-------- Source data --------

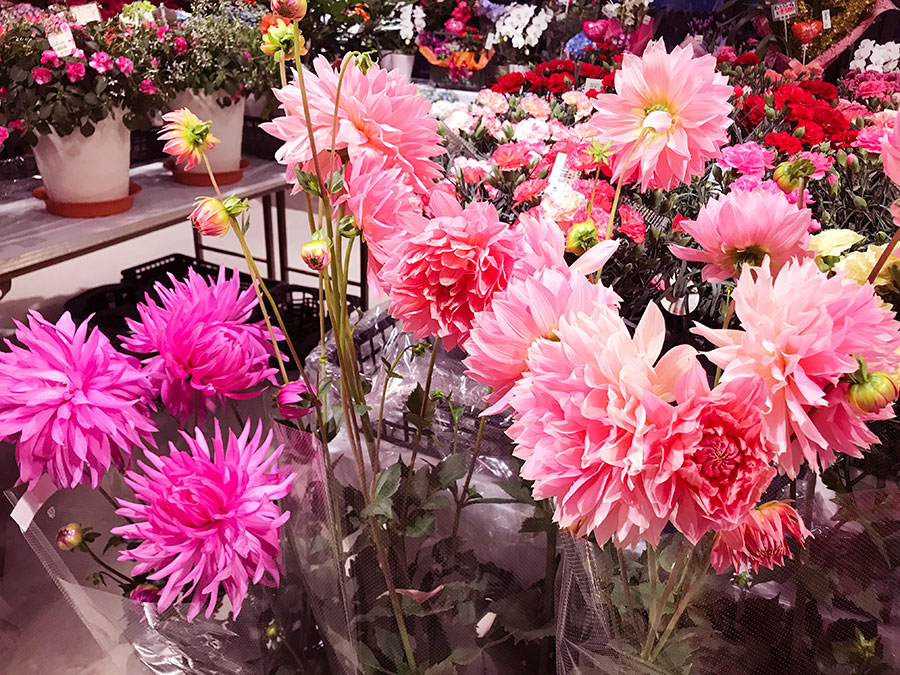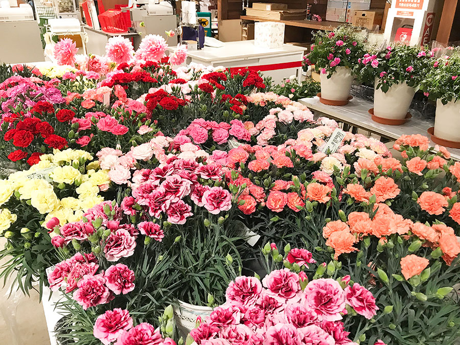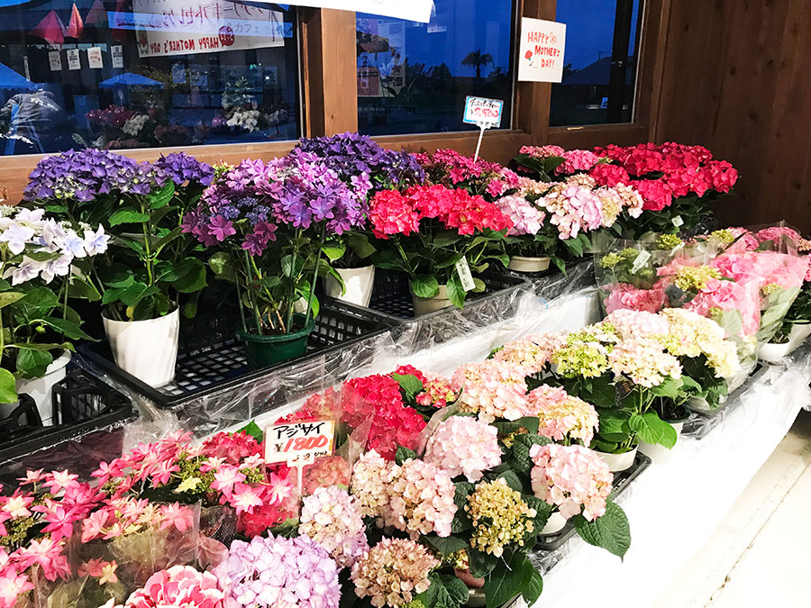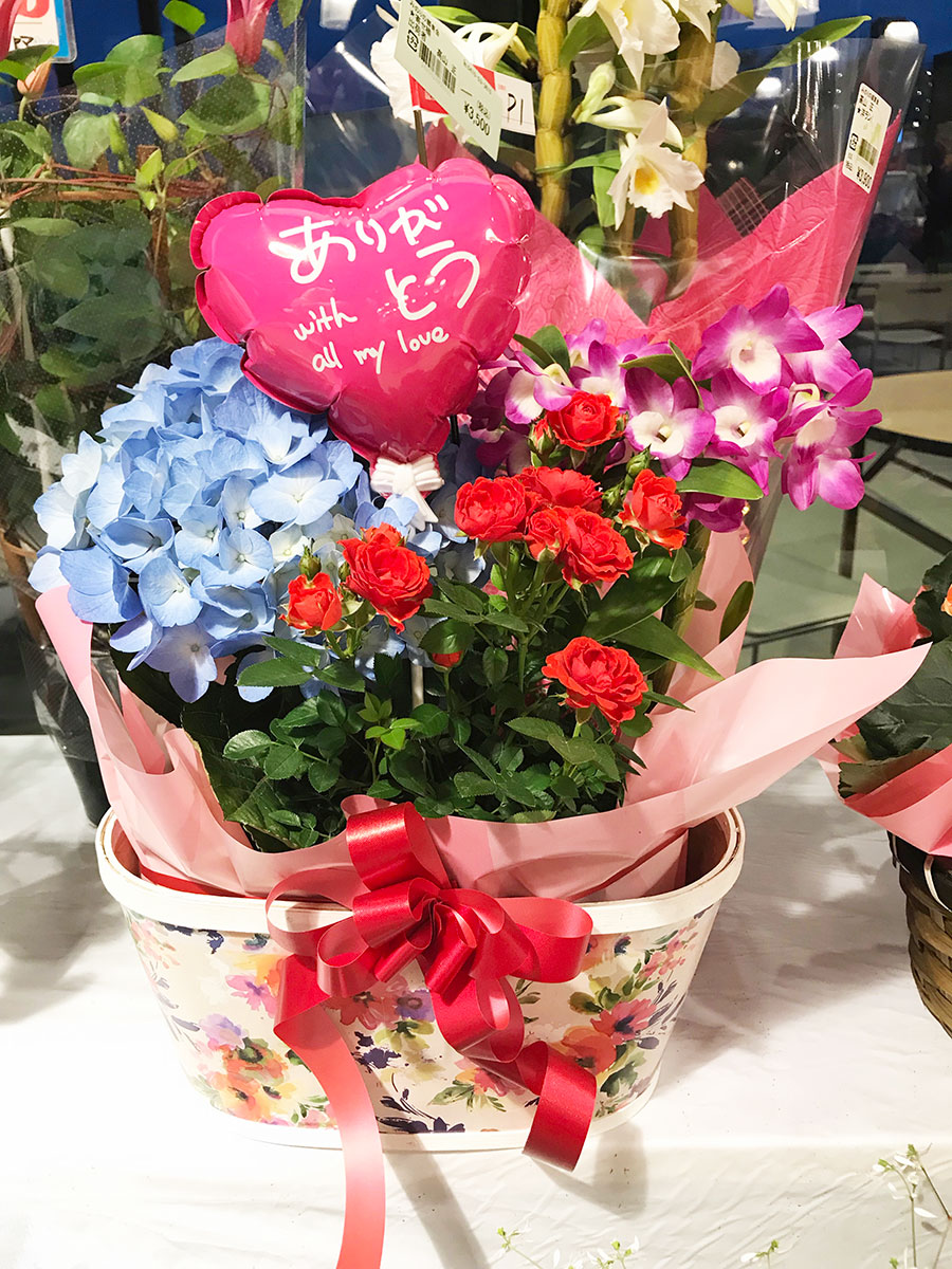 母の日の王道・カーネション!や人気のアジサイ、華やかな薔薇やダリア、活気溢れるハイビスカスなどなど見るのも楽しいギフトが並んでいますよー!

--------
-------- Source data --------

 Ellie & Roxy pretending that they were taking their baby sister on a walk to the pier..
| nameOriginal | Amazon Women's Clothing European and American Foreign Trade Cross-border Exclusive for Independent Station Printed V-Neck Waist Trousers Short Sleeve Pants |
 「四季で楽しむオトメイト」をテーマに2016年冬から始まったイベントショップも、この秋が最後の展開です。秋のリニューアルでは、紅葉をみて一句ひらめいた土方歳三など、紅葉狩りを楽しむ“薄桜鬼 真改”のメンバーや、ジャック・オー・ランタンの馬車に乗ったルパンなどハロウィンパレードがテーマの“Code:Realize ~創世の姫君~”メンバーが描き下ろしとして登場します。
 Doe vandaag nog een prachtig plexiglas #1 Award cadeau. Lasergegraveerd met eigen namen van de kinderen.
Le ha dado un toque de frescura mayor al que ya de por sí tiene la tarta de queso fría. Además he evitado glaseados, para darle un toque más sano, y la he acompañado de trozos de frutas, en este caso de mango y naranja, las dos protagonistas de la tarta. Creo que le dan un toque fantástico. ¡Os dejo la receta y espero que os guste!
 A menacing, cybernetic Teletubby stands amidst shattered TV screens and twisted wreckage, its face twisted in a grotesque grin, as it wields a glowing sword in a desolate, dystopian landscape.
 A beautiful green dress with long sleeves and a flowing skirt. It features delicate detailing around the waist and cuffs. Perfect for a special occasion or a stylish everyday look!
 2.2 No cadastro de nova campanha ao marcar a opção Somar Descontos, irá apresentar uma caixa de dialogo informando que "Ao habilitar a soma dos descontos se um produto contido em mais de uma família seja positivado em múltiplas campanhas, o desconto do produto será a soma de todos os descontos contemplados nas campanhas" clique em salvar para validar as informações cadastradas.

--------
-------- Source data --------

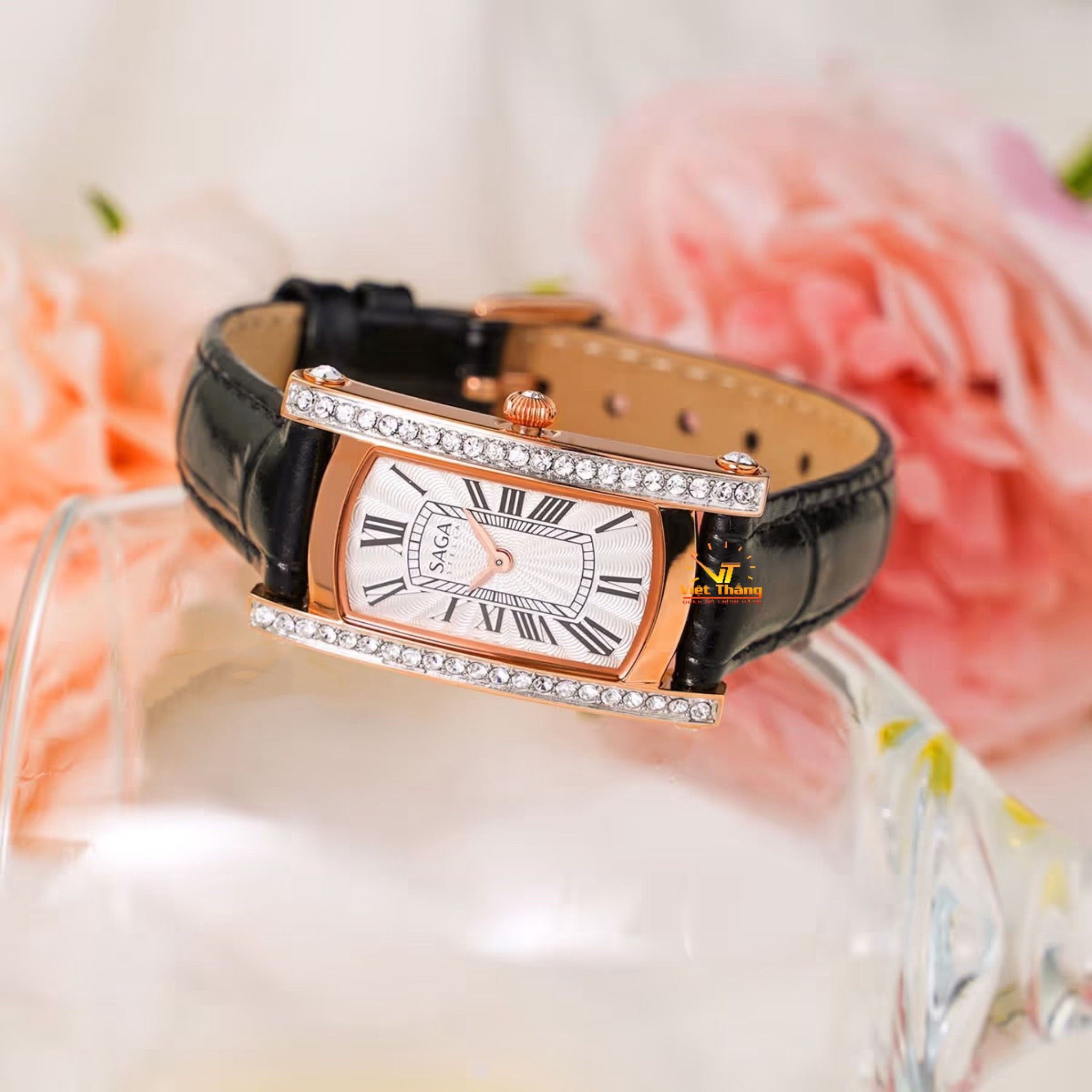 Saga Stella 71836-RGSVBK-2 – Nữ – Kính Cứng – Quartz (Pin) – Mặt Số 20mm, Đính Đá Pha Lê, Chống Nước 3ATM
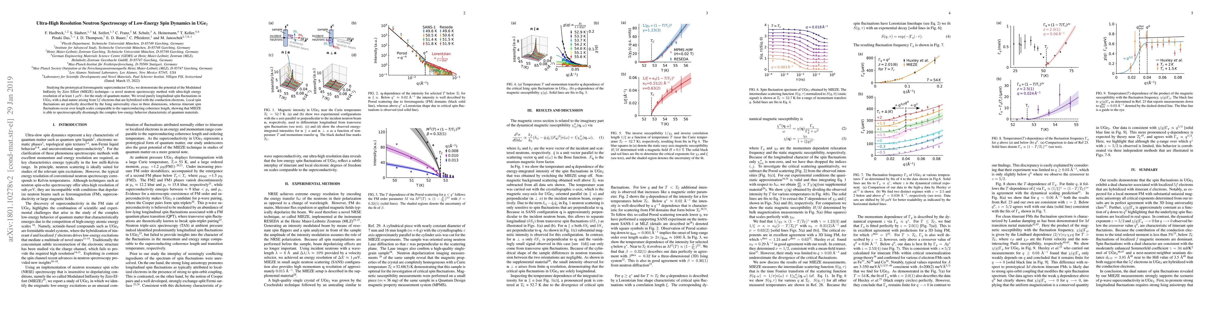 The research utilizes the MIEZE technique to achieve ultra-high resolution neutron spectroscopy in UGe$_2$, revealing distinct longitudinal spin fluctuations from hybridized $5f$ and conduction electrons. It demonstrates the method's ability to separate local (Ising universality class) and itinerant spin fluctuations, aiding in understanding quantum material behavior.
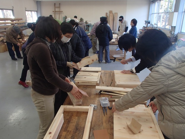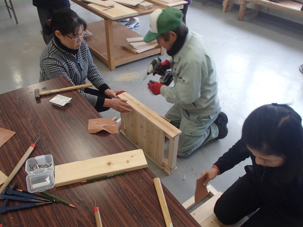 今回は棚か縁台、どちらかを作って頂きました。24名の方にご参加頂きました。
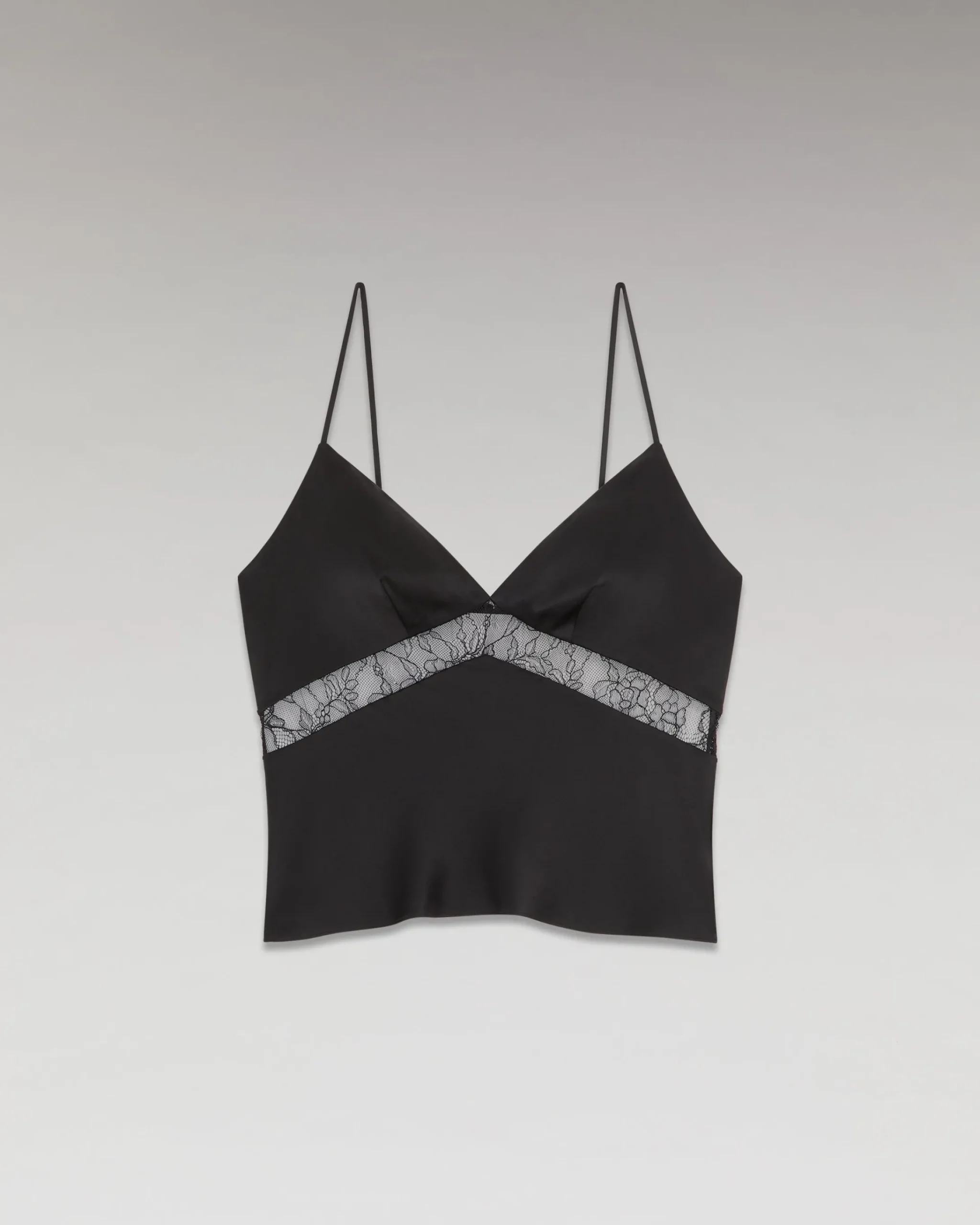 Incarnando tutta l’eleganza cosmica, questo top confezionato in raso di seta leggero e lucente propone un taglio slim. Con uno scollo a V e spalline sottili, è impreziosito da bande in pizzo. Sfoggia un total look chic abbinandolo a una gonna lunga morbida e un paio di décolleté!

--------

> **Task brief**
Using the records above, set down exactly the lines from the one with "Ellie & Roxy" through the one with "2.2 No cadastro", inclusive, and nothing more.

> **Result for this task**
 Ellie & Roxy pretending that they were taking their baby sister on a walk to the pier..
| nameOriginal | Amazon Women's Clothing European and American Foreign Trade Cross-border Exclusive for Independent Station Printed V-Neck Waist Trousers Short Sleeve Pants |
 「四季で楽しむオトメイト」をテーマに2016年冬から始まったイベントショップも、この秋が最後の展開です。秋のリニューアルでは、紅葉をみて一句ひらめいた土方歳三など、紅葉狩りを楽しむ“薄桜鬼 真改”のメンバーや、ジャック・オー・ランタンの馬車に乗ったルパンなどハロウィンパレードがテーマの“Code:Realize ~創世の姫君~”メンバーが描き下ろしとして登場します。
 Doe vandaag nog een prachtig plexiglas #1 Award cadeau. Lasergegraveerd met eigen namen van de kinderen.
Le ha dado un toque de frescura mayor al que ya de por sí tiene la tarta de queso fría. Además he evitado glaseados, para darle un toque más sano, y la he acompañado de trozos de frutas, en este caso de mango y naranja, las dos protagonistas de la tarta. Creo que le dan un toque fantástico. ¡Os dejo la receta y espero que os guste!
 A menacing, cybernetic Teletubby stands amidst shattered TV screens and twisted wreckage, its face twisted in a grotesque grin, as it wields a glowing sword in a desolate, dystopian landscape.
 A beautiful green dress with long sleeves and a flowing skirt. It features delicate detailing around the waist and cuffs. Perfect for a special occasion or a stylish everyday look!
 2.2 No cadastro de nova campanha ao marcar a opção Somar Descontos, irá apresentar uma caixa de dialogo informando que "Ao habilitar a soma dos descontos se um produto contido em mais de uma família seja positivado em múltiplas campanhas, o desconto do produto será a soma de todos os descontos contemplados nas campanhas" clique em salvar para validar as informações cadastradas.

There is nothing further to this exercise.